Stored data:
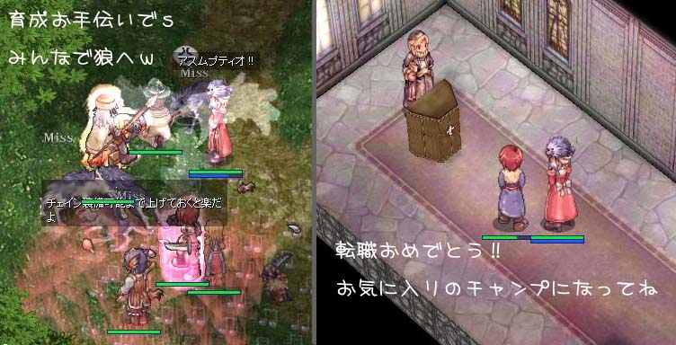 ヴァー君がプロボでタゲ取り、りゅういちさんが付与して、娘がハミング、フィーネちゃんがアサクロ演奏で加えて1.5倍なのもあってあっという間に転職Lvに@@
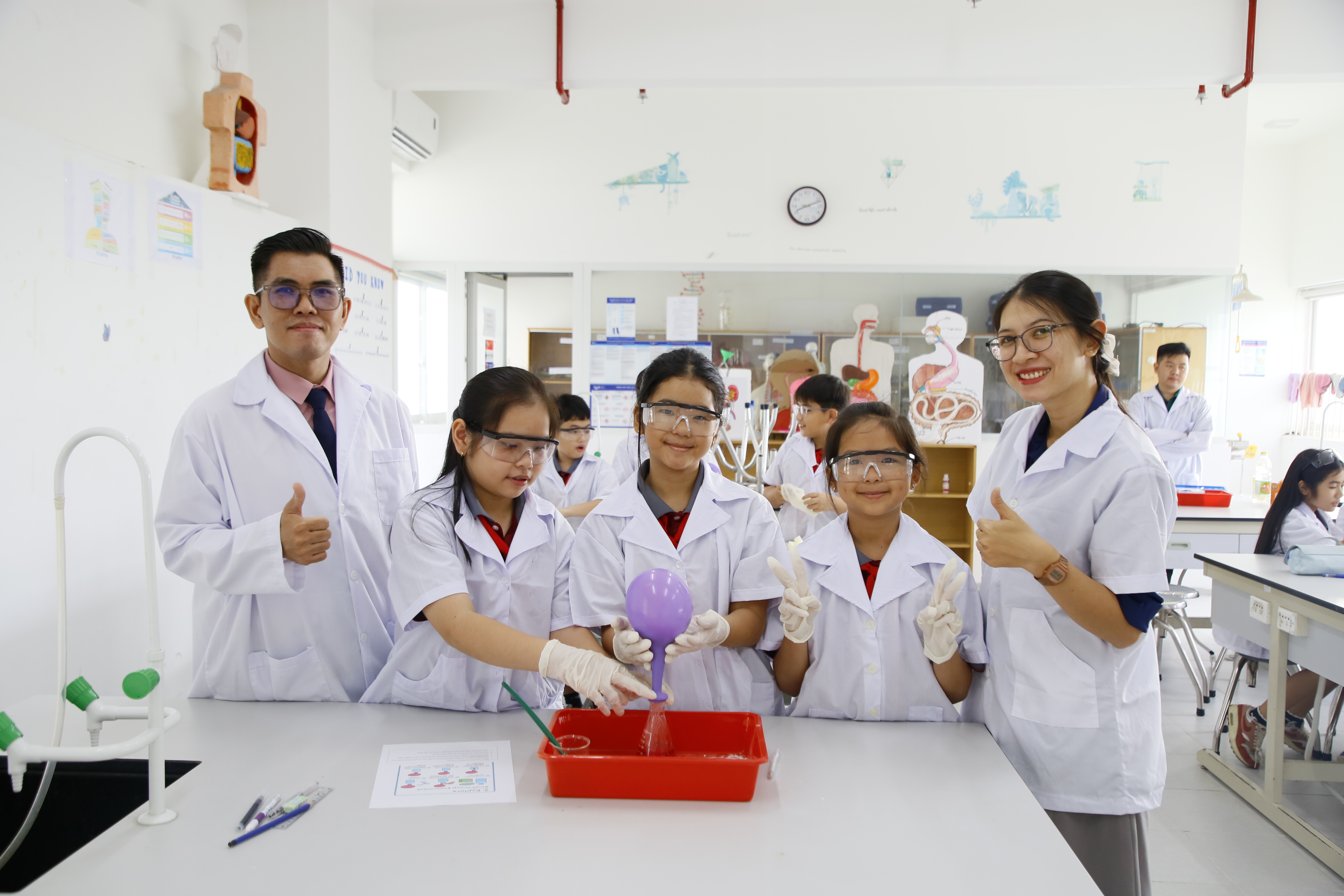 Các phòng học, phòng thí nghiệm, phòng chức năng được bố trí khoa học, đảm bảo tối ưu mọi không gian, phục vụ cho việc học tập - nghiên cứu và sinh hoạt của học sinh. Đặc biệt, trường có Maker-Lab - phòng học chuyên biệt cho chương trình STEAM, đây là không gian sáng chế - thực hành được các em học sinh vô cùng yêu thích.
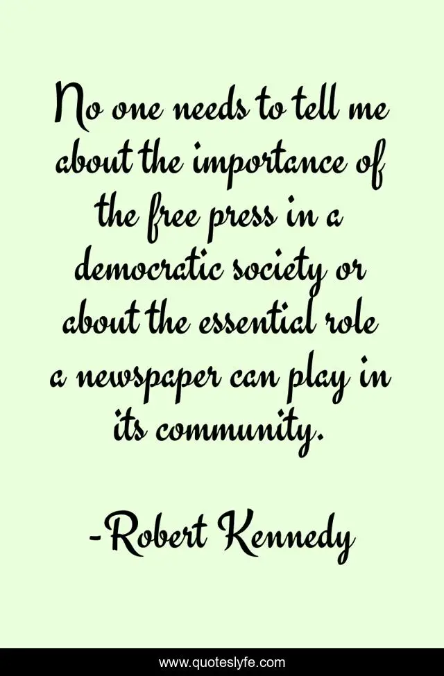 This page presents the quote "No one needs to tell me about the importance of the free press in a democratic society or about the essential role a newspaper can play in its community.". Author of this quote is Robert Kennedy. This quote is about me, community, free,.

Problem description:
The reply should consist of the listing restated word for word, with its pictures removed.

Written answer:
 ヴァー君がプロボでタゲ取り、りゅういちさんが付与して、娘がハミング、フィーネちゃんがアサクロ演奏で加えて1.5倍なのもあってあっという間に転職Lvに@@
 Các phòng học, phòng thí nghiệm, phòng chức năng được bố trí khoa học, đảm bảo tối ưu mọi không gian, phục vụ cho việc học tập - nghiên cứu và sinh hoạt của học sinh. Đặc biệt, trường có Maker-Lab - phòng học chuyên biệt cho chương trình STEAM, đây là không gian sáng chế - thực hành được các em học sinh vô cùng yêu thích.
 This page presents the quote "No one needs to tell me about the importance of the free press in a democratic society or about the essential role a newspaper can play in its community.". Author of this quote is Robert Kennedy. This quote is about me, community, free,.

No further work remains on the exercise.